[Records from a dataset]
==========

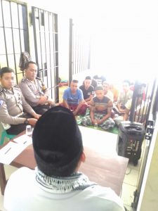 PESAWARAN-(PeNa), Untuk memberikan semangat dan penyadaran kepada 34 tahanan, Ustad Nuruddin memberikan tausyiah guna menyiram rohaninya di Mapolres Pesawaran, Jumat (26/1).
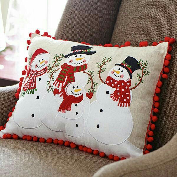 Снеговики на новогодних подушках так же естественны, как ёлки и Дед-Морозы. Воспользуемся всё той же аппликацией. Её можно сделать даже вручную: аккуратными стежками сделайте для своей подушки, например, такое украшение:
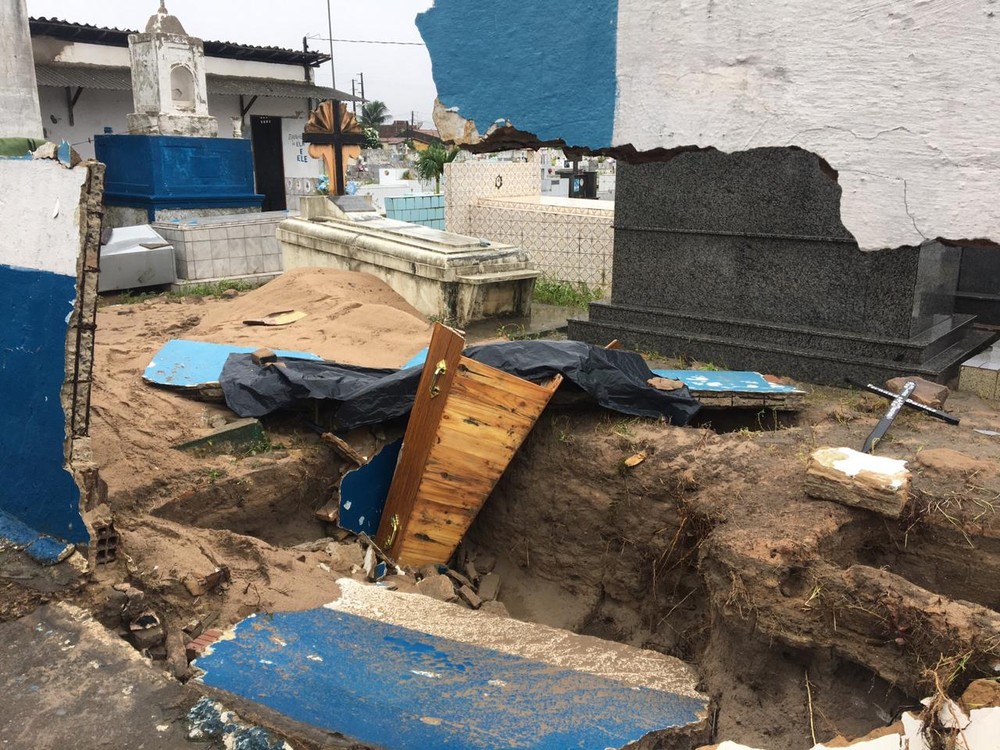 Um corpo que tinha sido enterrado no cemitério de Parnamirim, na região metropolitana de Natal, ficou exposto após o muro do local desabar e a força da água que alagava a rua abrir algumas das covas. A capital registrou 122 milímetros em 12 horas, segundo o Centro Nacional de Monitoramento e Alertas de Desastres Naturais (Cemaden).
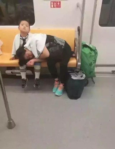 小男孩的媽媽困了,趴在他的腿上,小男孩不時拍拍媽媽,怕坐過站,每到一站時就告訴媽媽到哪站了。小時候媽媽保護我們,長大后要保護好媽媽,你一定是上帝派來保護媽媽的小天使。
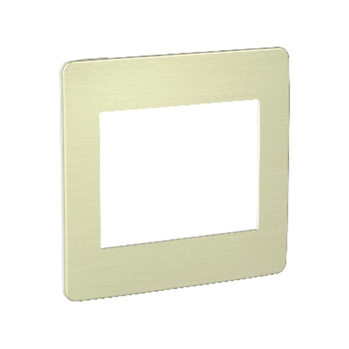 DescriçãoA Placa 4x4 6 Postos Orion Aurora Gold Schneider traz um design moderno e inovador, proporcionando praticidade, versatilidade e rapidez no momento das instalações, sem abrir mão da beleza. Produzida em termoplástico e ABS-UV (acrilonitrilo-butadieno-estireno): a placa intermediária é adequada para finalizar o acabamento da distribuição de energia elétrica em instalações residenciais, prediais e comerciais, além de, em caso de emergência é capaz de inibir a propagação de chamas. Sua limpeza pode ser feita apenas com um pano levemente umedecido e sabão neutro. Vale ressaltar que não acompanha suporte. A Schneider Electric é um grupo multinacional francês, especializada em produtos e serviços para distribuição elétrica. Presente há 60 anos no Brasil a marca proporciona os mais elevados níveis tecnológicos, de acordo com as principais normas de qualidade e segurança nacionais e internacionais.Informações técnicas: - Marca: Schneider Electric - Modelo: Orion - Cor: Aurora Gold- Altura: 13cm- Largura: 0,83cm- Profundidade: 20cm
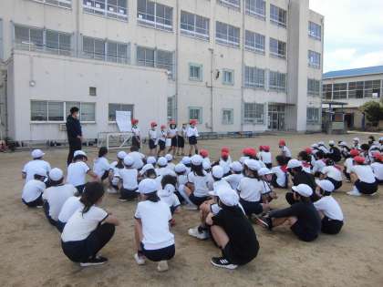 クラス対抗で台風の目やはしごドッジをしました。初めの言葉や表彰も自分たちでがんばりました。
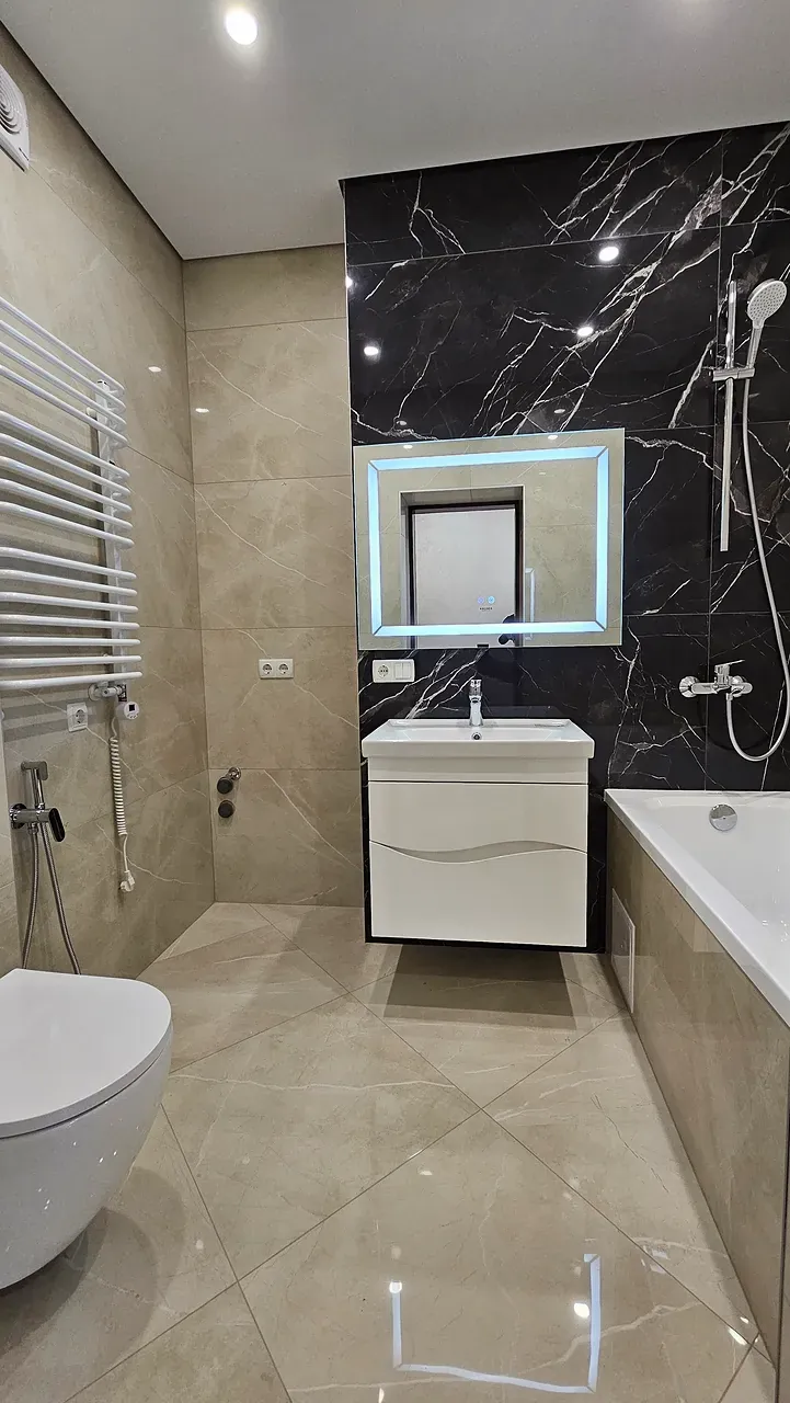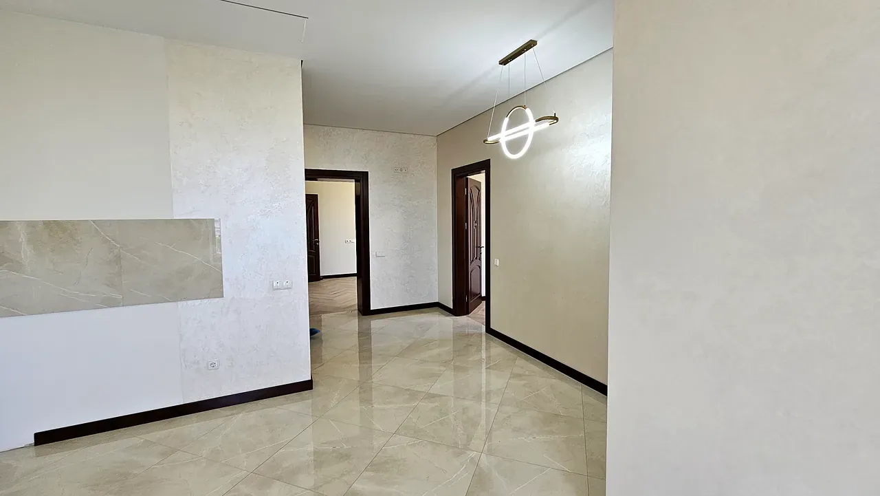 У квартирі зроблено сучасний ремонт, поставлена дорога італійська плитка, паркетна дошка. Велика панорамна лоджія, теплий монтаж вікон, підігрів підлоги у мокрих зонах та кухні.

==========

● Exercise objective: Quote the lines above exactly, starting with the one that has "Um corpo que" and ending with the one that has "小男孩的媽媽困了,趴在他的腿"; drop the pictures and include nothing else.

● Task solution:
 Um corpo que tinha sido enterrado no cemitério de Parnamirim, na região metropolitana de Natal, ficou exposto após o muro do local desabar e a força da água que alagava a rua abrir algumas das covas. A capital registrou 122 milímetros em 12 horas, segundo o Centro Nacional de Monitoramento e Alertas de Desastres Naturais (Cemaden).
 小男孩的媽媽困了,趴在他的腿上,小男孩不時拍拍媽媽,怕坐過站,每到一站時就告訴媽媽到哪站了。小時候媽媽保護我們,長大后要保護好媽媽,你一定是上帝派來保護媽媽的小天使。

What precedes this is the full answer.